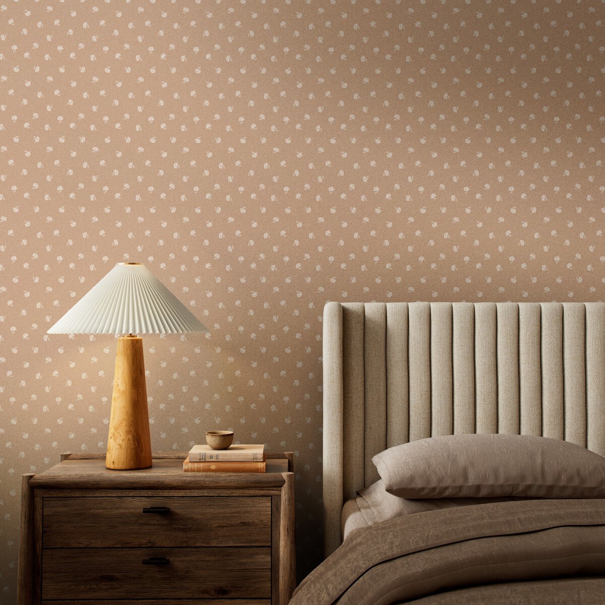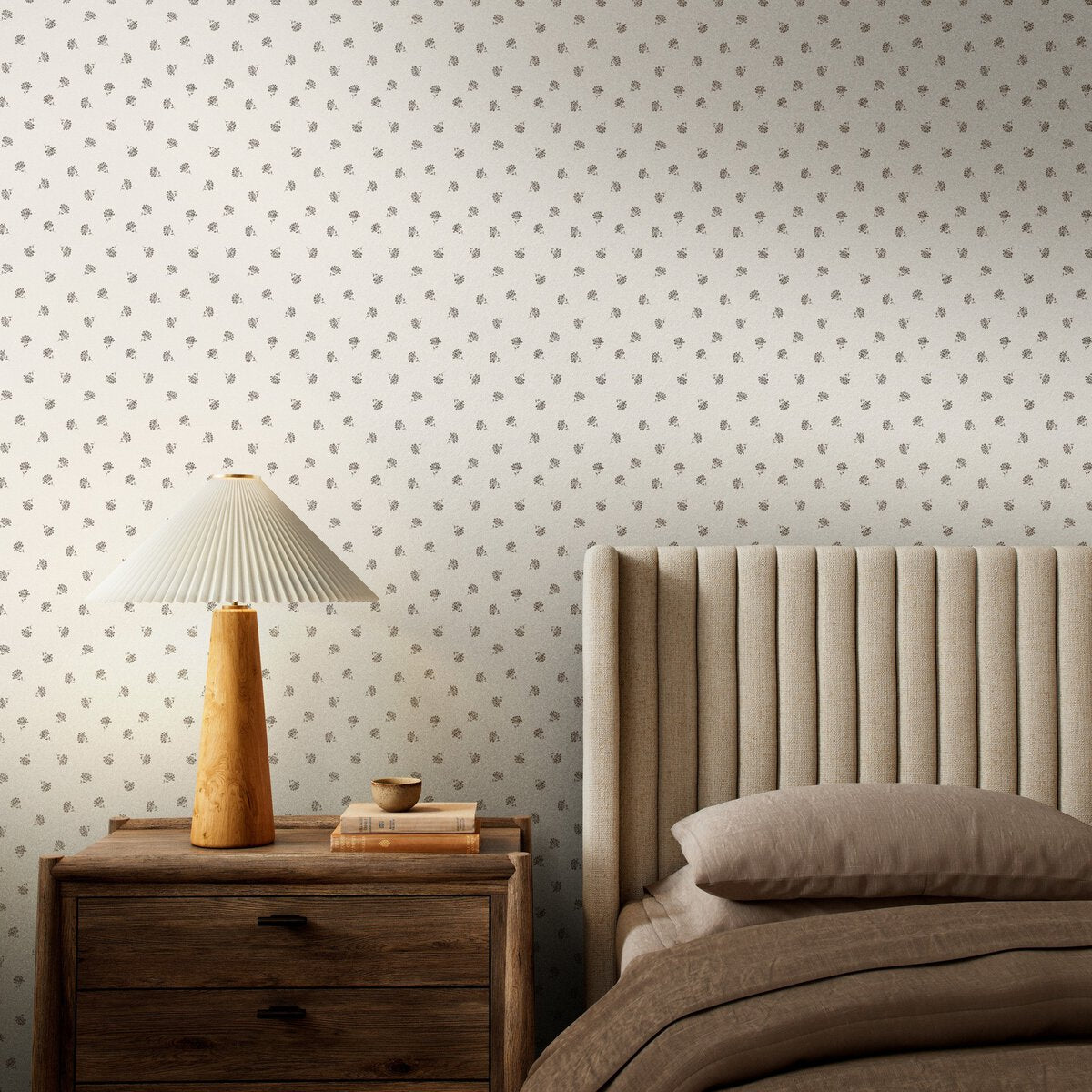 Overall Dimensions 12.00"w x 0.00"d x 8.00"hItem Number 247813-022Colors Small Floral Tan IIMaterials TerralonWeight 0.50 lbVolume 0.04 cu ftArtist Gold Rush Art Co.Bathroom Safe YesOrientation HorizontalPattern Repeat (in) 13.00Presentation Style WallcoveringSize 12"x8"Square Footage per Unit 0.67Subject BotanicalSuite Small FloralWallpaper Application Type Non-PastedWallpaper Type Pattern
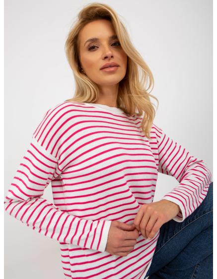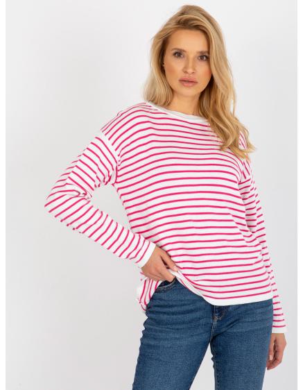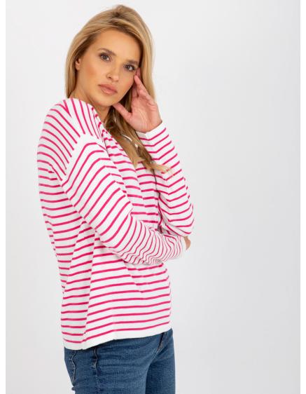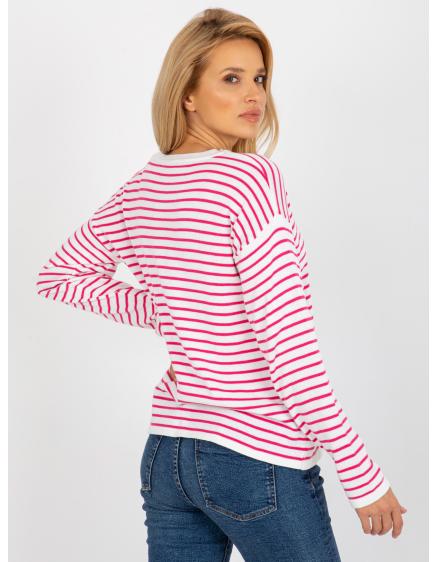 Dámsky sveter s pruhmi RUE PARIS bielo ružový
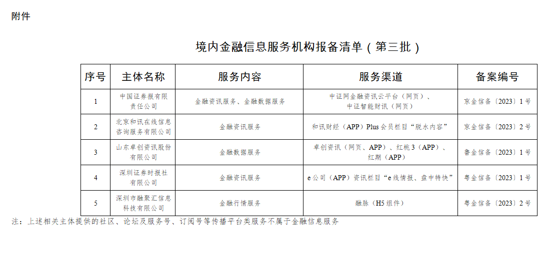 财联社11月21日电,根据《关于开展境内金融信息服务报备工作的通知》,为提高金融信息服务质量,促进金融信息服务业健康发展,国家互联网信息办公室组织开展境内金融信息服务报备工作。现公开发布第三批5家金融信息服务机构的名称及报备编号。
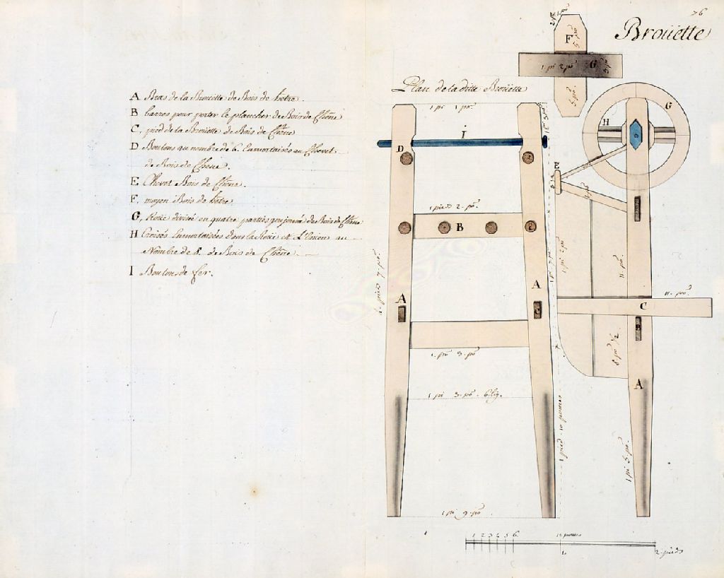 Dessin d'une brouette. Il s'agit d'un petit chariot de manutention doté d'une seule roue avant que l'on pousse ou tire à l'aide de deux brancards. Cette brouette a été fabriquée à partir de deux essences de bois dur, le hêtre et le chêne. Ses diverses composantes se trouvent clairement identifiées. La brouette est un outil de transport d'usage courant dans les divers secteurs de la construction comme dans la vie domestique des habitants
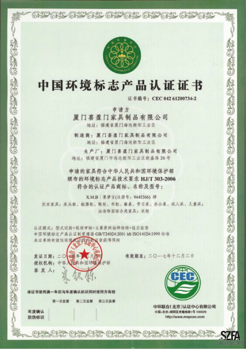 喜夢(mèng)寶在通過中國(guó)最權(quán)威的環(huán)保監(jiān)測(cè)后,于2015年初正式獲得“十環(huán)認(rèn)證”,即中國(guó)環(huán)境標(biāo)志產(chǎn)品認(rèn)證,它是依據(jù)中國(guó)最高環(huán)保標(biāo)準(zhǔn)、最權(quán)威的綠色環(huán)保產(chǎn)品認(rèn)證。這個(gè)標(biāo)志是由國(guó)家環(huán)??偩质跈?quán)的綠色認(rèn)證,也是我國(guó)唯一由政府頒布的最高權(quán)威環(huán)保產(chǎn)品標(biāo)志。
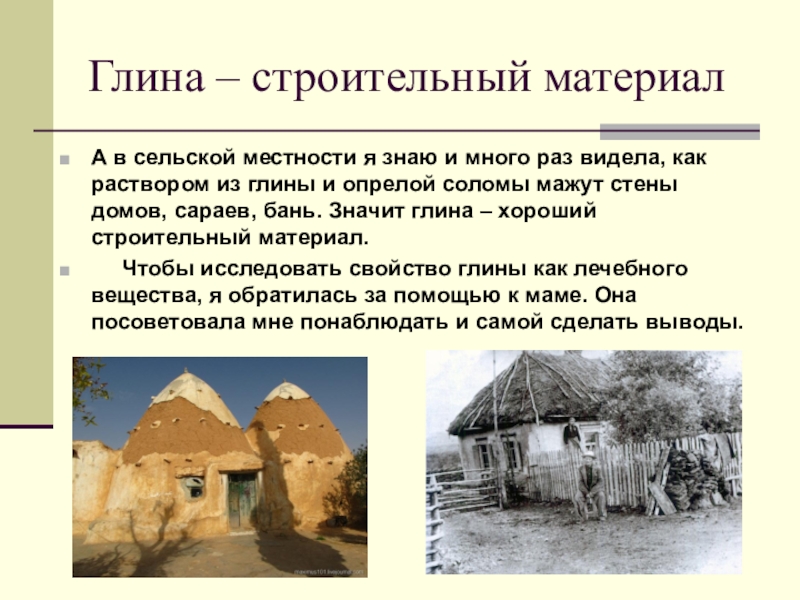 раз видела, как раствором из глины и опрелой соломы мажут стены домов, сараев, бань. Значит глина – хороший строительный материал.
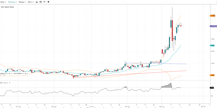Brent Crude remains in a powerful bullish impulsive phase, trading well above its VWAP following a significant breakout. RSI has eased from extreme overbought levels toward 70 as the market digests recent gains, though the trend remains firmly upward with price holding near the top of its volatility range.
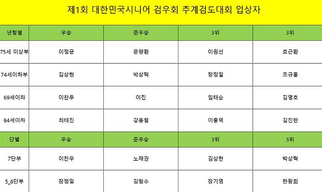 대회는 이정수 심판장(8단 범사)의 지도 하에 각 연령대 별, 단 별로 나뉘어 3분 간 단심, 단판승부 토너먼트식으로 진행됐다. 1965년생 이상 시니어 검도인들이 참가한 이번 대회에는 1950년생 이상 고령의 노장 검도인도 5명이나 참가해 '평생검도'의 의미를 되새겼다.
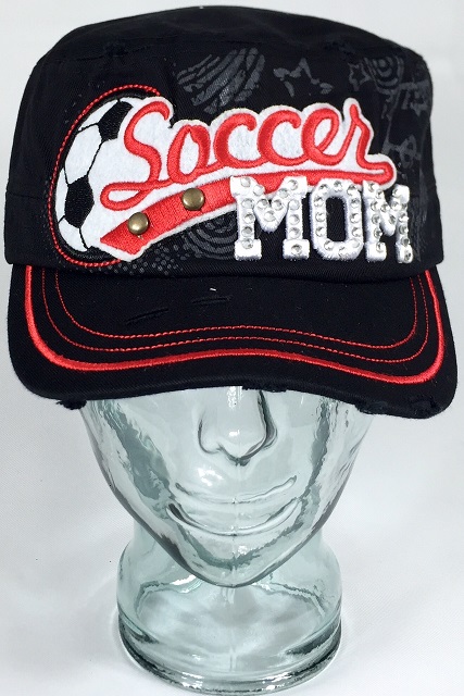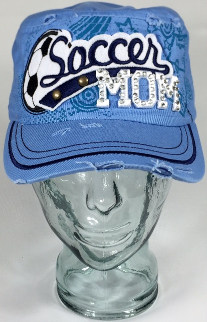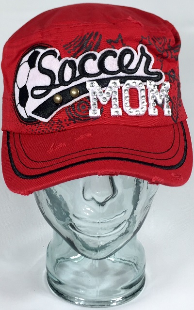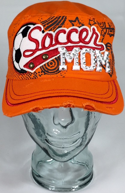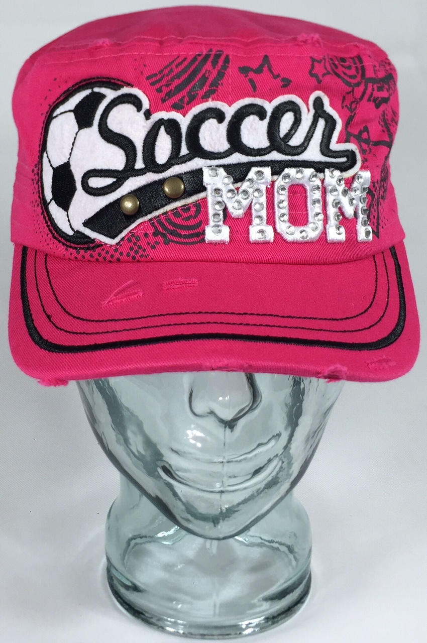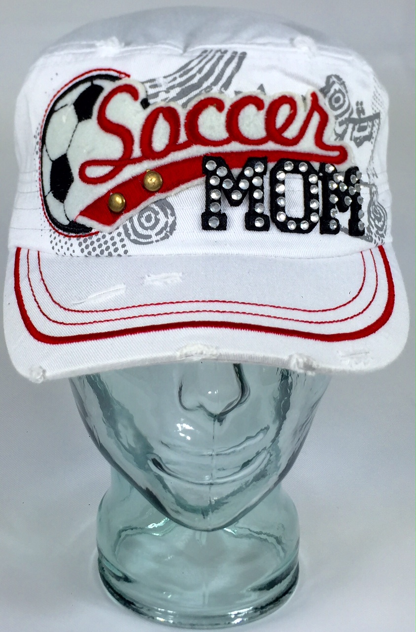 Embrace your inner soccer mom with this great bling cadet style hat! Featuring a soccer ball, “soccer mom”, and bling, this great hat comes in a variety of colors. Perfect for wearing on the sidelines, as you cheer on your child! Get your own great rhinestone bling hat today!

--------------------

Could you transcribe exactly the lines from the one with "대회는 이정수 심판장(8단" through the end of the data, both ends included, and nothing else, skipping the pictures?

**RESULT OF THE EXERCISE**
 대회는 이정수 심판장(8단 범사)의 지도 하에 각 연령대 별, 단 별로 나뉘어 3분 간 단심, 단판승부 토너먼트식으로 진행됐다. 1965년생 이상 시니어 검도인들이 참가한 이번 대회에는 1950년생 이상 고령의 노장 검도인도 5명이나 참가해 '평생검도'의 의미를 되새겼다.
 Embrace your inner soccer mom with this great bling cadet style hat! Featuring a soccer ball, “soccer mom”, and bling, this great hat comes in a variety of colors. Perfect for wearing on the sidelines, as you cheer on your child! Get your own great rhinestone bling hat today!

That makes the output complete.